Research Article
Amharic Character Recognition Using Deep Convolutional Neural Network
@INPROCEEDINGS{10.1007/978-3-031-28725-1_11, author={Achamie Aynalem}, title={Amharic Character Recognition Using Deep Convolutional Neural Network}, proceedings={Artificial Intelligence and Digitalization for Sustainable Development. 10th EAI International Conference, ICAST 2022, Bahir Dar, Ethiopia, November 4-6, 2022, Proceedings}, proceedings_a={ICAST}, year={2023}, month={3}, keywords={Amharic recognition Character recognition Deep convolutional neural networks Deep learning application}, doi={10.1007/978-3-031-28725-1_11} }
- Achamie Aynalem
Year: 2023
Amharic Character Recognition Using Deep Convolutional Neural Network
ICAST
Springer
DOI: 10.1007/978-3-031-28725-1_11
Abstract
Amharic is the working language in the Federal Democratic Republic of Ethiopia. The Amharic alphabet has a large number of symbols and there is a close resemblance among shapes of the different symbols available in the language which challenged the task of machine-based optical character recognition systems in the language. The absence of a standardized labeled dataset for the Amharic language created additional barriers for different researchers.
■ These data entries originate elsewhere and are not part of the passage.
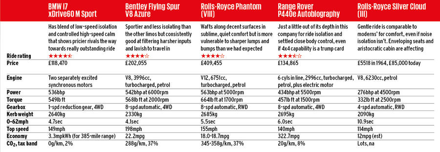 Quick links: Explaining ride comfort – Rolls-Royce Silver Cloud – Rolls-Royce Phantom – BMW i7 – Bentley Flying Spur – Range Rover – Noise levels – Results – Final verdict – Specs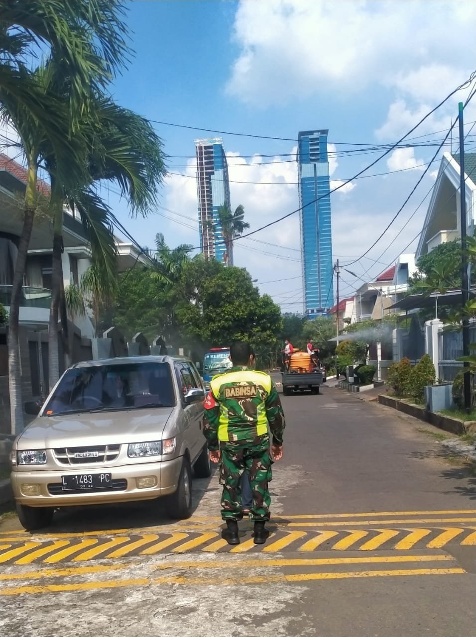 Dalam rangka memutus mata rantai penyebaran wabah Corona, anggota Koramil 04/Sukolilo jajaran kodim 0831/Surabaya Timur Sertu Sukirman melakukan pendampingan penyemprotan cairan disinfektan di perumahan Drama Husada Indah Blok D Rt 03 Rw 09 Kelurahan Mulyorejo kecamatan Mulyorejo,surabaya dalam rangka memutus mata rantai penyebaran virus Covid – 19.Rabu (24/21).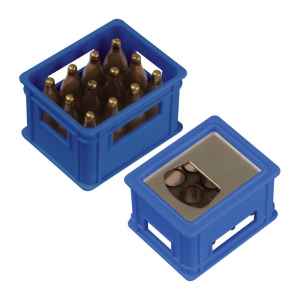 Plastový otvárač na fľaše v tvare pivovej debničky.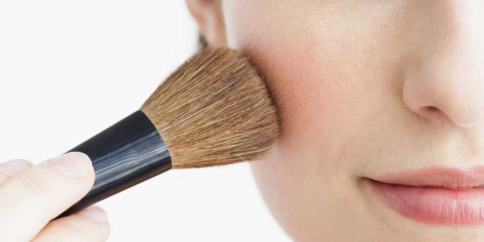 - Нанести на скулы румяна розовых или персиковых тонов. Растушевать границы.

Our aim in this paper is to design a deep convolutional neural network based architecture that could extract features and classify Amharic characters with significant confidence of accuracy that could be utilized for real-world applications. A total of 90,000 characters are prepared for training the proposed architecture and an additional of 25,000 characters are reserved for testing purpose. Due to the occurrence of a large number of symbols and a close resemblance in the shapes of the different characters available in the language, a relatively complex convolutional Neural Network is utilized to capture those features and categorize them into the correct characters. Dropout layers are utilized to avoid overfitting. The character recognition system proposed in this paper achieved an accuracy of 99.27% on the testing dataset which is a significant improvement for the Amharic language. The implementation was done using Tensorflow on Keras neural network layers and Opencv in python to pre-process image data which enables us to make the system readily available for software developers as an API.